Start of MATERIAL PROVIDED
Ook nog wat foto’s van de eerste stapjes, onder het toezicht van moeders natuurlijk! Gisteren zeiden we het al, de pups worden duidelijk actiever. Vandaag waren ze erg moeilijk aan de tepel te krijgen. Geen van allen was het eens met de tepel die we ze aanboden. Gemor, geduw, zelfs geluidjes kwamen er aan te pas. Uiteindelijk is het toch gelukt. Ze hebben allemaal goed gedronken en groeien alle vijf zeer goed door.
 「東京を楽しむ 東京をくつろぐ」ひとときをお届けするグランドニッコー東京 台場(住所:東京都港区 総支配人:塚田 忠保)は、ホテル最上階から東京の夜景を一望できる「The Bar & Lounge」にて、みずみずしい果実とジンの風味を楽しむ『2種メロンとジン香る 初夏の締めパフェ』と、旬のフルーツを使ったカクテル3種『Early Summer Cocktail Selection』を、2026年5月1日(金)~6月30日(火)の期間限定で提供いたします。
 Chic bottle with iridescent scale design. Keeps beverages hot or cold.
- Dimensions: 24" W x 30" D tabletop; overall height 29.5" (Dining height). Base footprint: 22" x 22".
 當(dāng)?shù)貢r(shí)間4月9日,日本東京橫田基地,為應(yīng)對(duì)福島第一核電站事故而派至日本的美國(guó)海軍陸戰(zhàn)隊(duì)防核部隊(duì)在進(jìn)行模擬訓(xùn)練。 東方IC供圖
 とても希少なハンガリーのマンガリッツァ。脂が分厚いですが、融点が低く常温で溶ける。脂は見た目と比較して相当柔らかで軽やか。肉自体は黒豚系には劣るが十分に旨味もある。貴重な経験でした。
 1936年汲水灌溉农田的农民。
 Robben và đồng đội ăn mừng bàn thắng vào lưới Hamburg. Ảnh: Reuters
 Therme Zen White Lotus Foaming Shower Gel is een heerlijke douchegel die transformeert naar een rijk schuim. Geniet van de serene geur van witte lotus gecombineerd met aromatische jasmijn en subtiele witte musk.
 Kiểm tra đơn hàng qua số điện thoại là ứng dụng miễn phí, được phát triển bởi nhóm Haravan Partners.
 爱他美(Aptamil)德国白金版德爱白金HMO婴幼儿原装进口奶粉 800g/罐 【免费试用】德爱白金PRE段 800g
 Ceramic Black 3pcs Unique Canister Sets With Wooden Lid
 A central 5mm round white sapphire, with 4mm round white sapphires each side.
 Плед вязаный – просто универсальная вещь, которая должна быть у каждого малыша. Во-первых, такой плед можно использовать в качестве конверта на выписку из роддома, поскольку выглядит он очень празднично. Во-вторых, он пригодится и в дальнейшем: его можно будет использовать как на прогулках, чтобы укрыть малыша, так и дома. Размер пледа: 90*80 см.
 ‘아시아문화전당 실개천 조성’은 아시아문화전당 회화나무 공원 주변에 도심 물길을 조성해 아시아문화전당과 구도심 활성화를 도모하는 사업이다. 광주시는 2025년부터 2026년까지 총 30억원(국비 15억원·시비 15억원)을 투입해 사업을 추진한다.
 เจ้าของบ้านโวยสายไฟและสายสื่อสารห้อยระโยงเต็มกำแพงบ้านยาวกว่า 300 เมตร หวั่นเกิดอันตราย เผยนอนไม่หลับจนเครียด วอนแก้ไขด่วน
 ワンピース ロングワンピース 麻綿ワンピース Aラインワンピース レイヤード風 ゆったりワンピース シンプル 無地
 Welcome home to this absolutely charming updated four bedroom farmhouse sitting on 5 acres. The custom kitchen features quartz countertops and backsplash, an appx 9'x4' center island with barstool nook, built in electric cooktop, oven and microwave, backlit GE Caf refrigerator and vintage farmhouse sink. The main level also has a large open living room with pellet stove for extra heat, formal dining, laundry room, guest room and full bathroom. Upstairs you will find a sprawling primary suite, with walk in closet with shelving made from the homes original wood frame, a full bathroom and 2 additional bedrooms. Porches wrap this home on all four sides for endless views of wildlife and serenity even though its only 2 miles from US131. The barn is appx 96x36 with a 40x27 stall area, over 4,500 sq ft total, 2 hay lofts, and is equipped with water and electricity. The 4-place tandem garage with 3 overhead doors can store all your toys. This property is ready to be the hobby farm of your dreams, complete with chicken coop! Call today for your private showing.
End of MATERIAL PROVIDED
> _EXERCISE INSTRUCTIONS_: The lines to output run from the one containing "หวั่นเกิดอันตราย เผยนอนไม่หลับจนเครียด วอนแก้ไขด่วน" to the last line of the entries; give them back exactly.

> _THE ANSWER_:
 เจ้าของบ้านโวยสายไฟและสายสื่อสารห้อยระโยงเต็มกำแพงบ้านยาวกว่า 300 เมตร หวั่นเกิดอันตราย เผยนอนไม่หลับจนเครียด วอนแก้ไขด่วน
 ワンピース ロングワンピース 麻綿ワンピース Aラインワンピース レイヤード風 ゆったりワンピース シンプル 無地
 Welcome home to this absolutely charming updated four bedroom farmhouse sitting on 5 acres. The custom kitchen features quartz countertops and backsplash, an appx 9'x4' center island with barstool nook, built in electric cooktop, oven and microwave, backlit GE Caf refrigerator and vintage farmhouse sink. The main level also has a large open living room with pellet stove for extra heat, formal dining, laundry room, guest room and full bathroom. Upstairs you will find a sprawling primary suite, with walk in closet with shelving made from the homes original wood frame, a full bathroom and 2 additional bedrooms. Porches wrap this home on all four sides for endless views of wildlife and serenity even though its only 2 miles from US131. The barn is appx 96x36 with a 40x27 stall area, over 4,500 sq ft total, 2 hay lofts, and is equipped with water and electricity. The 4-place tandem garage with 3 overhead doors can store all your toys. This property is ready to be the hobby farm of your dreams, complete with chicken coop! Call today for your private showing.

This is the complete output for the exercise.